Université de Lyon, Institut des Sciences Analytiques, UMR 5280, CNRS, 5 rue de la Doua, 69100, Villeurbanne, France.
Université de Lyon, Institut des Sciences Analytiques, UMR 5280, CNRS, 5 rue de la Doua, 69100, Villeurbanne, France.
J Chromatogr A. 2021 Apr 12;1642:462001. doi: 10.1016/j.chroma.2021.462001. Epub 2021 Feb 18.
In two-dimensional liquid chromatography, the combination of hydrophilic interaction liquid chromatography (HILIC) and reversed-phase liquid chromatography (RPLC) is very attractive due to the complementarity of their separation mechanisms. On-line comprehensive HILIC x RPLC is well-known to give rise to a large retention space coverage when dealing with ionisable compounds. However, method development in on-line HILIC x RPLC is challenging due to the reversed solvent strength between both dimensions, which can greatly affect the peak shapes in the second RPLC dimension, and thus the separation quality and the method sensitivity. In the present contribution, we compared four strategies designed to avoid this problem: (1) flow splitting, which consists in reducing the injection volume in the second dimension (D), (2) on-line dilution with a make-up flow and (3) on-line dilution with Active Solvent Modulation (ASM), which both consist in reducing the solvent strength of the injected fractions, and (4) Total Breakthrough Strategy, which we recently proposed. Unlike the three preceding strategies, this latter one consists in injecting large volumes of strong solvent in D. The performance of each strategy was evaluated for sub-hour separations of a tryptic digest in on-line HILIC x RPLC. In this work, we considered the critical case for which the same column internal diameters (i.e. 2.1 mm here) are used in both dimensions. Peak capacity, peak shapes and peak intensities were considered for this evaluation. The highest peak capacity could be achieved with Total Breakthrough Strategy while the lowest one with on-line dilution using ASM. Peak intensities were usually higher with on-line dilution approaches (make-up flow and ASM). However, despite the presence of breakthrough, peak intensities were approximately 7-fold higher with Total Breakthrough Strategy than with flow splitting.

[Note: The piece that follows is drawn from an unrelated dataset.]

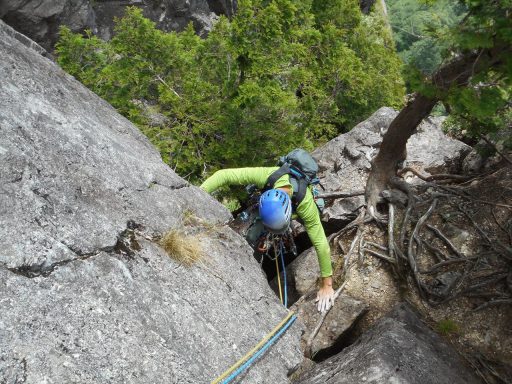 クライムダウンを数回繰り返すがピナクルまでが良くない。乾いてないチムニーからピナクルを越えてから、クラック、フェースで高度感あり。

在二维液相色谱中,亲水作用液相色谱(HILIC)和反相液相色谱(RPLC)的组合非常有吸引力,因为它们的分离机制具有互补性。众所周知,在线综合 HILIC x RPLC 在处理可离子化化合物时会产生很大的保留空间覆盖度。然而,由于两个维度之间的溶剂强度相反,在线 HILIC x RPLC 的方法开发具有挑战性,这会极大地影响第二 RPLC 维度中的峰形,从而影响分离质量和方法灵敏度。在本研究中,我们比较了四种旨在避免该问题的策略:(1)分流,即将第二维(D)的进样体积减小;(2)在线稀释,包括用辅助流稀释和(3)在线稀释与主动溶剂调制(ASM),这两种方法都可降低进样部分的溶剂强度;(4)我们最近提出的全穿透策略。与前三种策略不同,这种方法是在 D 中注入大量强溶剂。我们在在线 HILIC x RPLC 中对小时内的胰蛋白酶消化物的亚分离评估了每种策略的性能。在这项工作中,我们考虑了在两个维度中使用相同柱内径(即这里的 2.1mm)的关键情况。我们对峰容量、峰形和峰强度进行了评估。全穿透策略可以获得最高的峰容量,而使用 ASM 的在线稀释则获得最低的峰容量。使用在线稀释方法(辅助流和 ASM)通常可以获得更高的峰强度。然而,尽管存在穿透现象,但与分流相比,全穿透策略的峰强度大约高 7 倍。